▶ [Aim of the task]
Output word for word the lines from the one with "董琦老师首先对德国的教育体系" to the final line of the data, both ends included, but skip the pictures.

▶ [Input]
.....

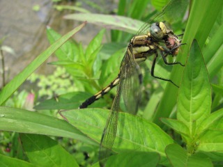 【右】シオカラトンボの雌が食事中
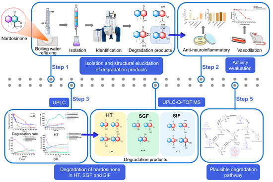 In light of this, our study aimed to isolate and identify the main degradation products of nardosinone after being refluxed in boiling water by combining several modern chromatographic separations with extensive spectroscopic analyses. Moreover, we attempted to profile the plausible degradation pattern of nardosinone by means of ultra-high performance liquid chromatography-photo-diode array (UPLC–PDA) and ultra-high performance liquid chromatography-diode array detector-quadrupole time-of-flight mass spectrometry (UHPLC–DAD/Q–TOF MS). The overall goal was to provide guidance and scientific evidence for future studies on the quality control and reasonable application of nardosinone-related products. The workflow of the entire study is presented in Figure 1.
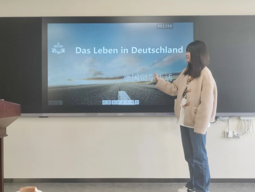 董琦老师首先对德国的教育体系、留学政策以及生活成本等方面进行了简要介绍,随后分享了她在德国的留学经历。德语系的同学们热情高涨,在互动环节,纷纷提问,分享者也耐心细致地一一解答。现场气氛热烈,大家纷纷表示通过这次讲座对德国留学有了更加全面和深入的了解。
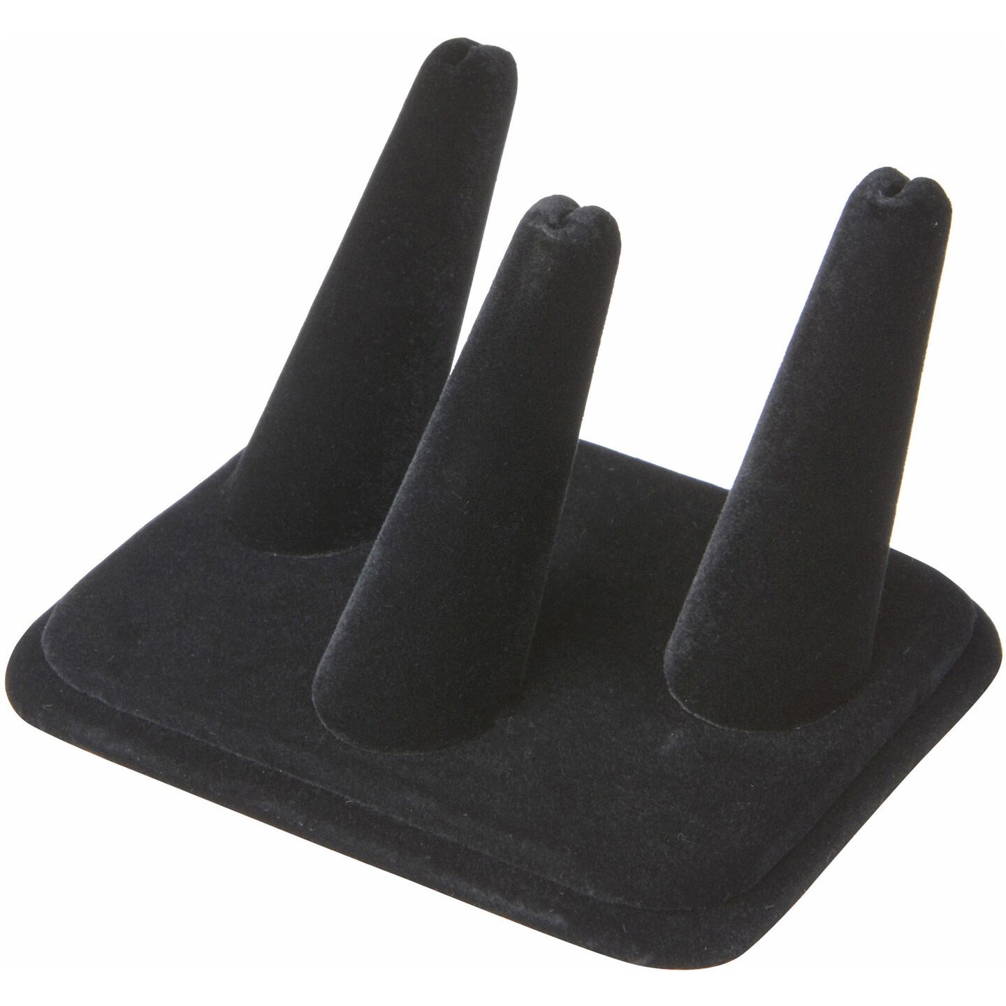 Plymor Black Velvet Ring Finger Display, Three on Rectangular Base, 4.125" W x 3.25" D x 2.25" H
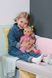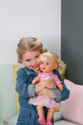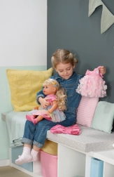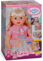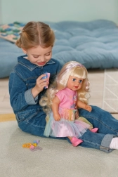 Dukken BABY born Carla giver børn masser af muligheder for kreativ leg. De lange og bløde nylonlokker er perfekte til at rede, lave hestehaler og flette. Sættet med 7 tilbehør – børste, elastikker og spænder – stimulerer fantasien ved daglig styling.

.....

▶ [Answer to the problem]
 董琦老师首先对德国的教育体系、留学政策以及生活成本等方面进行了简要介绍,随后分享了她在德国的留学经历。德语系的同学们热情高涨,在互动环节,纷纷提问,分享者也耐心细致地一一解答。现场气氛热烈,大家纷纷表示通过这次讲座对德国留学有了更加全面和深入的了解。
 Plymor Black Velvet Ring Finger Display, Three on Rectangular Base, 4.125" W x 3.25" D x 2.25" H
 Dukken BABY born Carla giver børn masser af muligheder for kreativ leg. De lange og bløde nylonlokker er perfekte til at rede, lave hestehaler og flette. Sættet med 7 tilbehør – børste, elastikker og spænder – stimulerer fantasien ved daglig styling.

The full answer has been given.